Each edge is classified as: consensus_gap (market/thesis disagree), attention_gap (market hasn't reacted), timing_gap (short vs long term), or risk_premium (fear/greed premium).

Kill conditions

Before every evaluation: "Does any event fundamentally break a core assumption?" If yes, flags prominently.


Rules for Agents

  1. Don't poll prices — the heartbeat does it every 15 min
  2. Don't search news — the heartbeat does it with adversarial queries
  3. Do inject observations immediatelyinject_signal with type user_note or news
  4. Only call evaluate for breaking events — routine evaluation is automatic
  5. Use what_if before trades — zero LLM cost scenario analysis
  6. Call get_positions before discussing trades — positions are local (Kalshi private key), backend can't see them
  7. Use /changes for polling — 100x smaller than full context
  8. Use short thesis IDs — first 8 chars work everywhere (e.g. f582bf76)

Writing good theses

  • Be specific and directional: "Oil stays above $100 for 6 months" not "Oil prices"
  • Include timeframe: helps match contracts
  • One thesis = one view: don't mix unrelated predictions

Signal types

TypeWhen to use
newsExternal events, articles, data releases
user_noteYour agent's own analysis or observations
externalSignals from other systems
price_moveAuto-injected by heartbeat (>= 3 cent change)
upcoming_eventAuto-injected by heartbeat (Kalshi milestone matching edges)

Interactive Agent

sf agent [id] launches a natural language session with 25 tools. Supports TUI mode (default) and plain mode (--plain for pipes).

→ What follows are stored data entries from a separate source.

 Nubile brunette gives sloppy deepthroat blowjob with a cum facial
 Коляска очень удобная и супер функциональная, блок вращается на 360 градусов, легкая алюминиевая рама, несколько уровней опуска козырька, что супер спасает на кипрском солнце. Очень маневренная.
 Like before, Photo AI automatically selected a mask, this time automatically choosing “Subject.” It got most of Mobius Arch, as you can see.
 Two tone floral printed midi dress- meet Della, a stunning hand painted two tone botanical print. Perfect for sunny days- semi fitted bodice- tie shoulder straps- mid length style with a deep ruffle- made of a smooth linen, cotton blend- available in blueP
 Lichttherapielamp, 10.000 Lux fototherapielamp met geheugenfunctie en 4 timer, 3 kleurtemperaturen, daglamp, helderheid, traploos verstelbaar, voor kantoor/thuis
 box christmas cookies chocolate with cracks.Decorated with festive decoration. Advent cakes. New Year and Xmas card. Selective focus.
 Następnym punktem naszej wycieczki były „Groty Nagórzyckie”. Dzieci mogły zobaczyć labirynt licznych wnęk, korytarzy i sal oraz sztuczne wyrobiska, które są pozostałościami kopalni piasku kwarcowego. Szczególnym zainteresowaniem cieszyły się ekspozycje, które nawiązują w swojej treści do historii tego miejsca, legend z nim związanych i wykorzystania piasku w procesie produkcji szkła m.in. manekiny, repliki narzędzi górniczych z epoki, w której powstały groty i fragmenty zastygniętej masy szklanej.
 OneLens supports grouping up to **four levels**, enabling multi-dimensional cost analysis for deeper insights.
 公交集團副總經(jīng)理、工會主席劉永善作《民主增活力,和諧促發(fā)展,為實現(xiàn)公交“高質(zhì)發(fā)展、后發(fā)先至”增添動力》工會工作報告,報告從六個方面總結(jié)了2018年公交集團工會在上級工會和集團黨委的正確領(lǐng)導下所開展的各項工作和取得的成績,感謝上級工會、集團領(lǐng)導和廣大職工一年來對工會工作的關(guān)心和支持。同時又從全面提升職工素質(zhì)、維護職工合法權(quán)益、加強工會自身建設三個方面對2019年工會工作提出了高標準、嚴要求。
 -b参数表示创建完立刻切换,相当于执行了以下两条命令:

Slash commands: /tree, /edges, /pos, /eval, /buy TICKER QTY PRICE, /sell, /cancel, /switch <id>, /compact, /model <name>, /exit.

Sessions persist at ~/.sf/sessions/. Use --new for fresh session.


Telegram Bot

sf telegram --token TOKEN — runs locally, credentials stay on your machine.

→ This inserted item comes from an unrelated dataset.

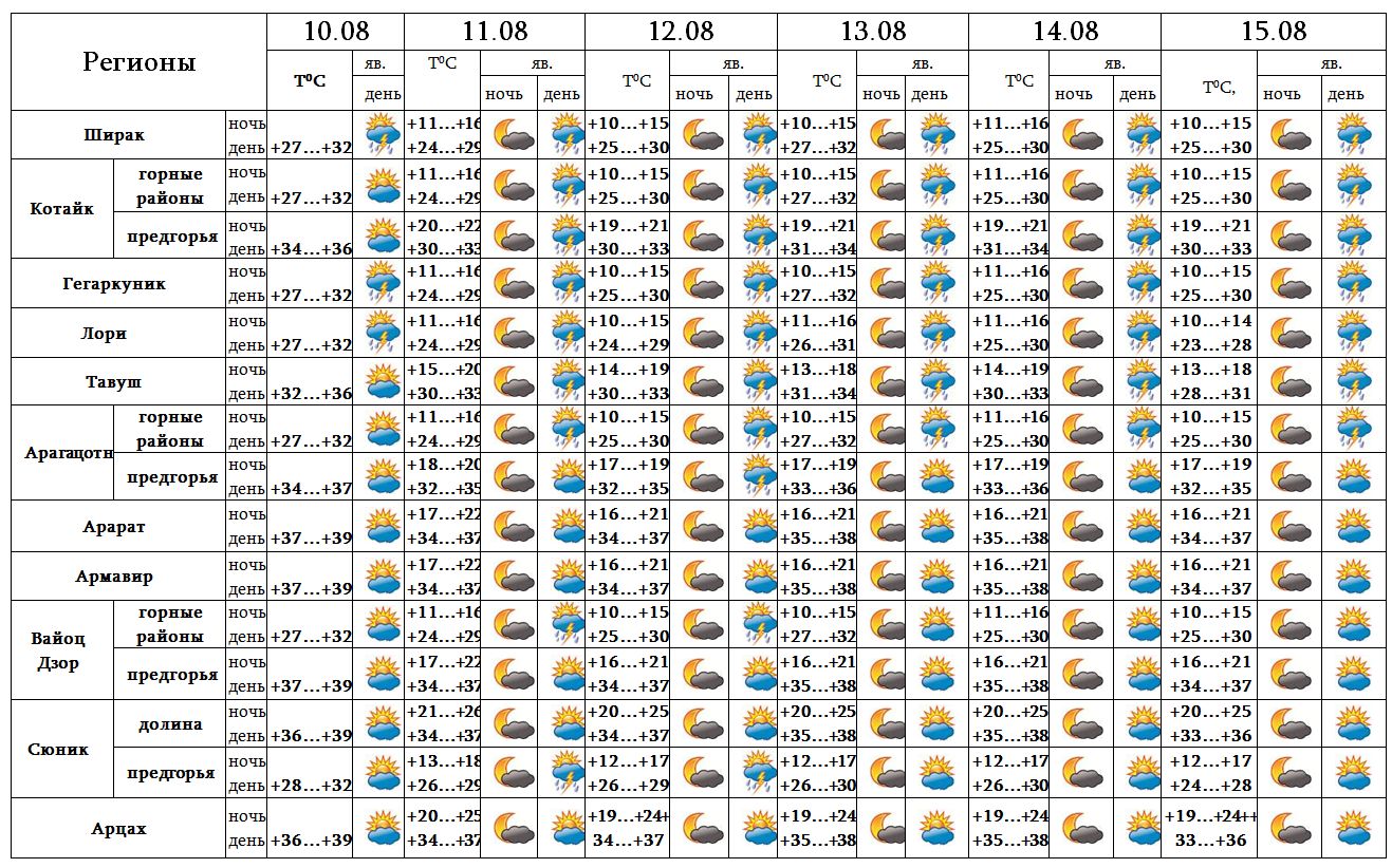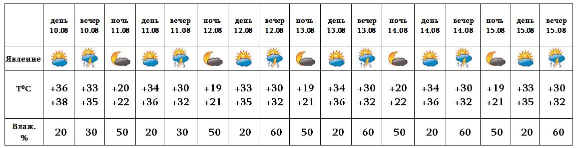 Вечером и ночью с 10-15 августа в отдельных местах города ожидается кратковременный дождь с грозой, во время грозы возможно усиление ветра до 18-20 м/с.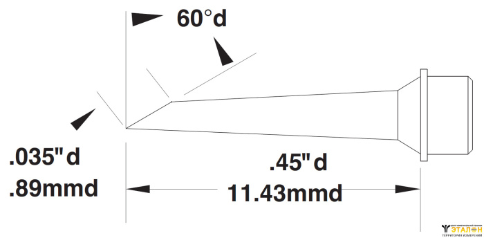 Основные технические характеристики SMC-7HF6009S Картридж-наконечник для СV/MX, миниволна 0.89х11.43мм (замена SMTC-1175) METCAL

Commands: /context, /positions, /edges, /balance, /orders, /eval, /list, /switch.

Natural language works too — same tools as sf agent. Auto-pushes confidence alerts every 60s.


Webhook

Configure when creating thesis: {"rawThesis": "...", "webhookUrl": "https://..."}

POSTs on confidence changes >= 5% and non-hold position recommendations.